On Thu, Apr 23, 2015 at 7:27 PM, Sebastian Kurscheid < notifications@github.com> wrote:

Hi Tao, I will sub sample from the BAM files and check if the error re-produces. If that's the case I am happy to share them with you.

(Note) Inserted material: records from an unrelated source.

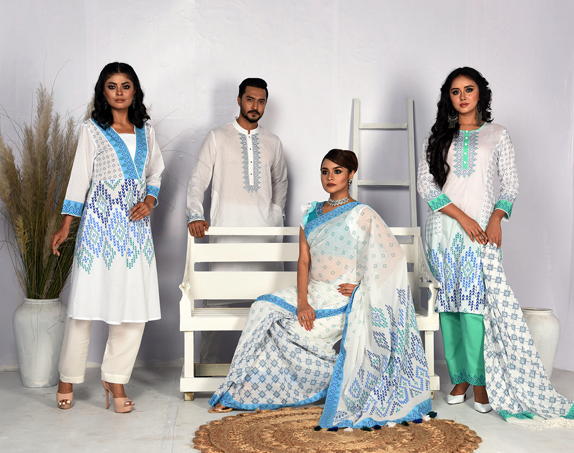 বাংলার প্রকৃতিতে আবির্ভূত শরৎকাল। আকাশে যেন হালকা মেজাজের সাদা মেঘের পোশাকের সাজ। ঋতুর এই বৈচিত্র্যকে মাথায় রেখে প্রতি বছরই বিশেষ পোশাকের আয়োজন করে আসছে কে ক্র্যাফট। নীল আর সাদার সম্মিলন প্রাধান্য পেয়েছে এই সংকলনে।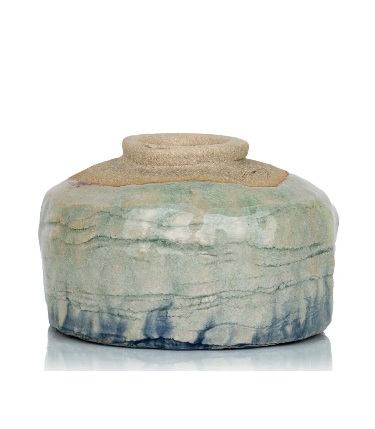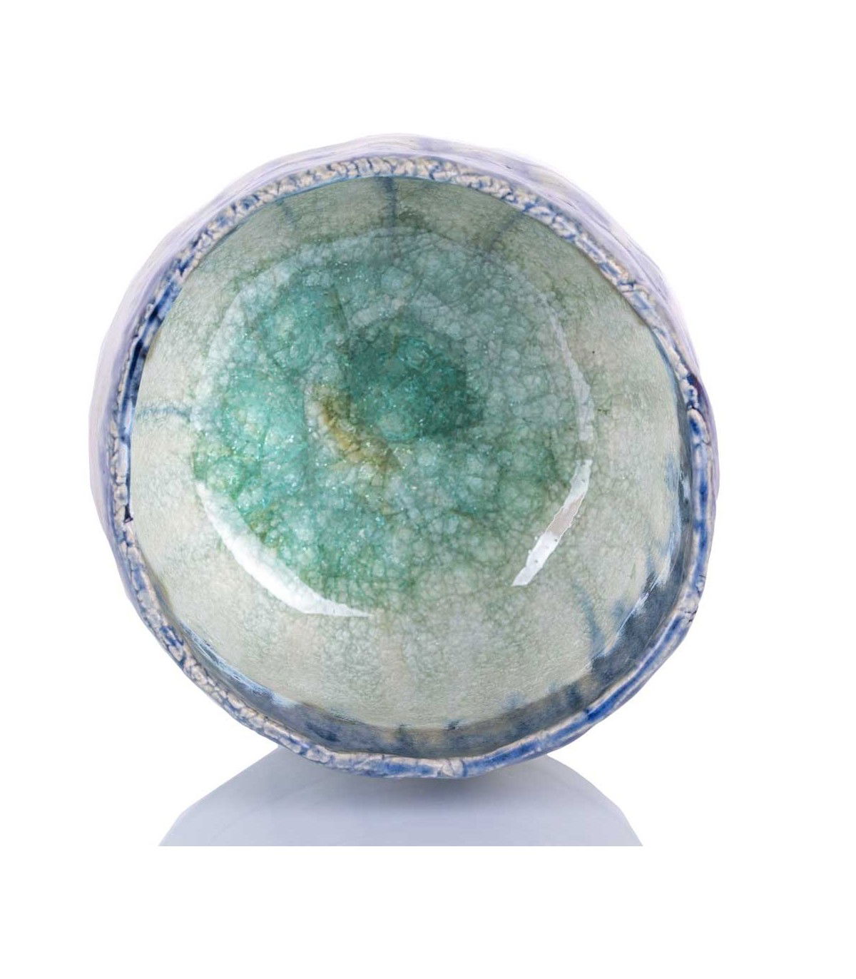 Sus colores turquesa, su forma irregular y la decoración que la aportan las grietas que aparecen por toda la arcilla, hacen de este recipiente algo perfecto para resaltar el verde intenso del mejor de nuestros tés Matcha.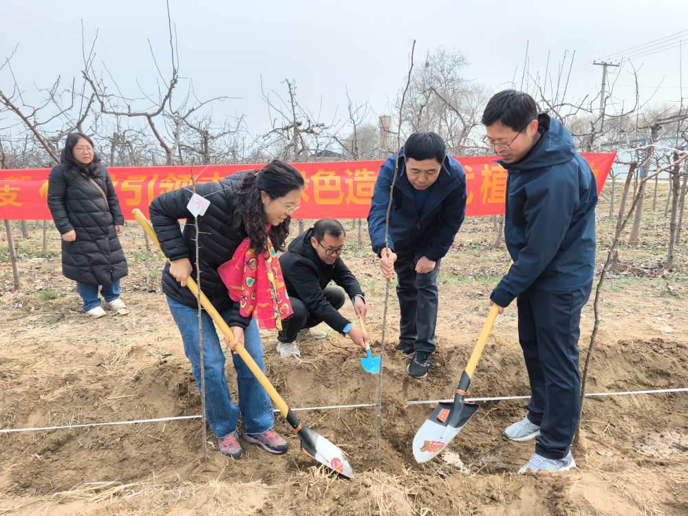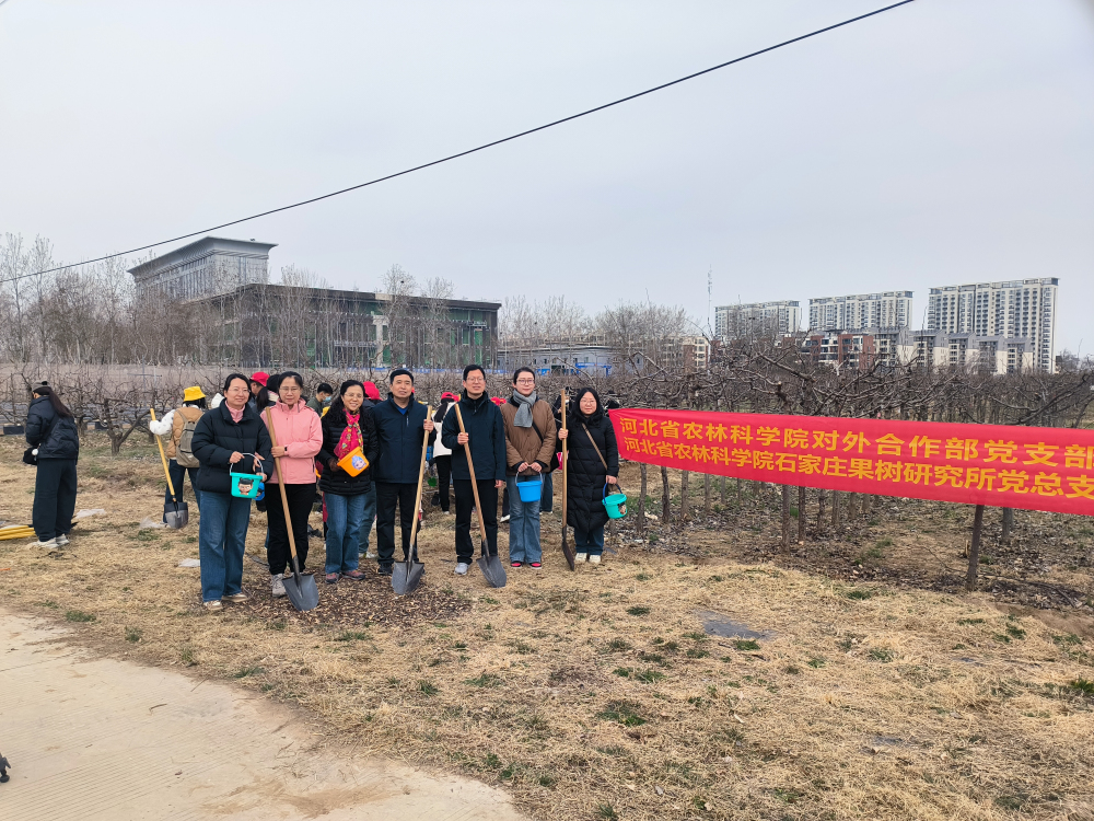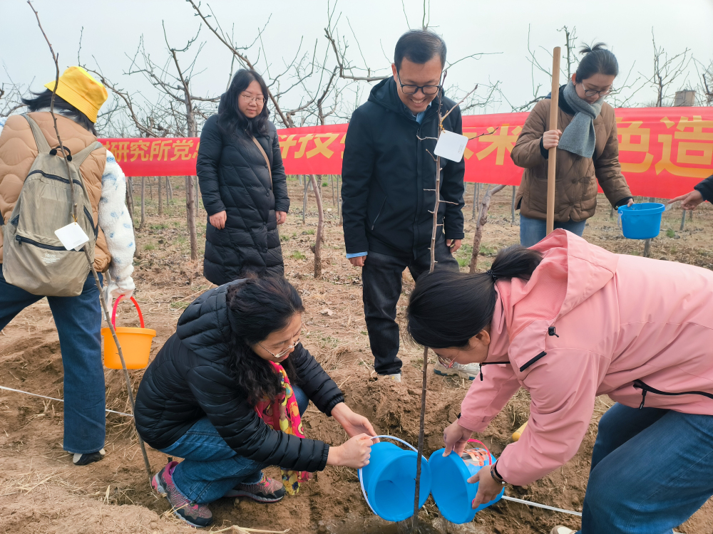 春風(fēng)輕拂,大地回暖,2025年3月15日,所黨總支與院對(duì)外合作部黨支部在我所開展“科技引領(lǐng)未來(lái) 綠色造福后代”植樹活動(dòng)。親手種下一棵樹苗,培土、澆水,看著它在春風(fēng)中扎根,是一次親近自然的奇妙體驗(yàn),更是一次責(zé)任與擔(dān)當(dāng)?shù)嫩`行。栽下的一棵棵小樹苗,為大地增添了一抹新綠,為人類創(chuàng)造一個(gè)更清新的環(huán)境,為子孫后代留下一片美麗的家園。這次植樹活動(dòng),地點(diǎn)選擇在我所梨研究室試材地,樹種為梨的雜交苗。支部成員在親手體驗(yàn)植樹的挖坑、培土、提苗、澆水細(xì)節(jié)中,與科技人員交流、了解果樹知識(shí)。恰逢石家莊廣播電視臺(tái)組織的“用綠色播種未來(lái) 讓城市聽見童聲”兒童城市實(shí)踐活動(dòng)開展,現(xiàn)場(chǎng)好不熱鬧。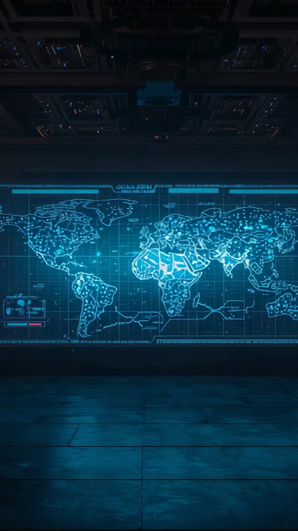 - Vertical Holographic World Map Booting with Pulsing Network Nodes and HUD Interface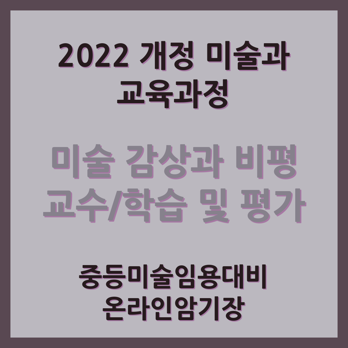| 미감비 미술감상과비평 성격 및 목표 빈칸연습 | 중등미술임용 대비 온라인암기장 (0) | 2025.03.20 |
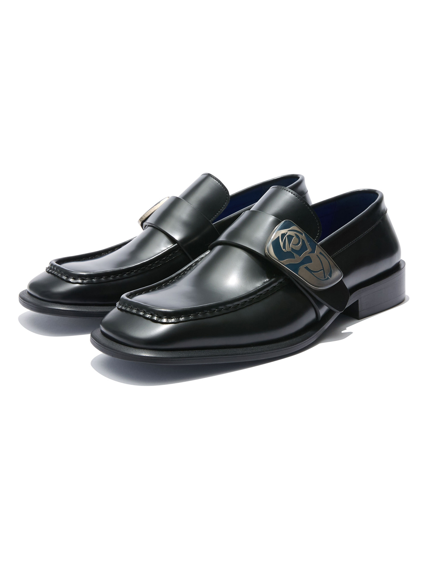 Taichiism "Rose Loafer” Rose-Engraved Contrasting Blue Genuine Leather Old Money Elegant Low-Top Leather Shoes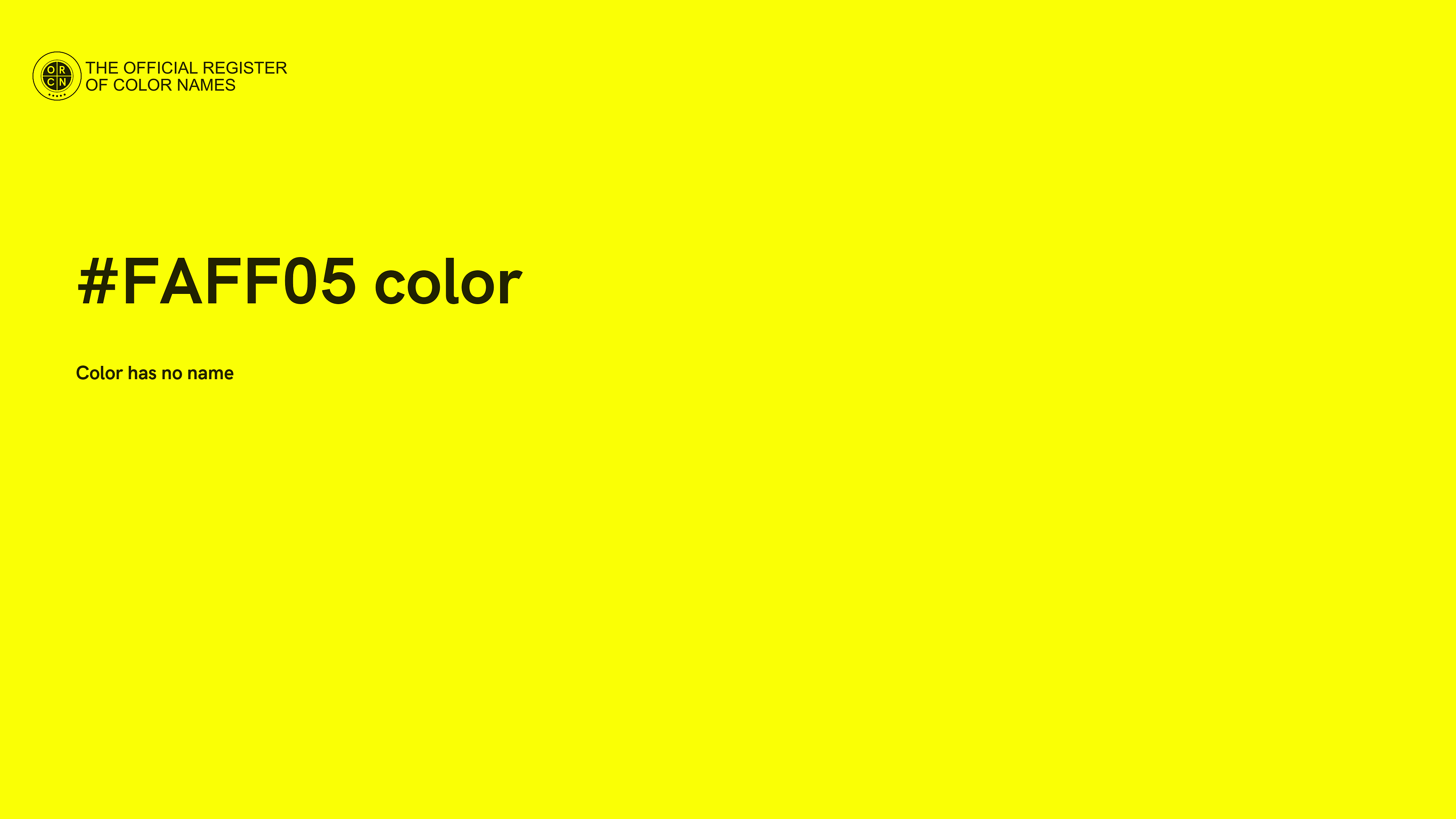 The digital color HEX #FAFF05 belongs to the Yellow Color Family featuring Full Saturation (Saturation Family) and Light (Brightness Family).

Cheers, Sebastian

On Wed, Apr 22, 2015 at 1:43 PM -0700, "Tao Liu (τν)" < notifications@github.com> wrote:

Hi lopatica and skurscheid,

Do any of you have some small dataset that I can use to reproduce the error?

Best,

Tao

— Reply to this email directly or view it on GitHub.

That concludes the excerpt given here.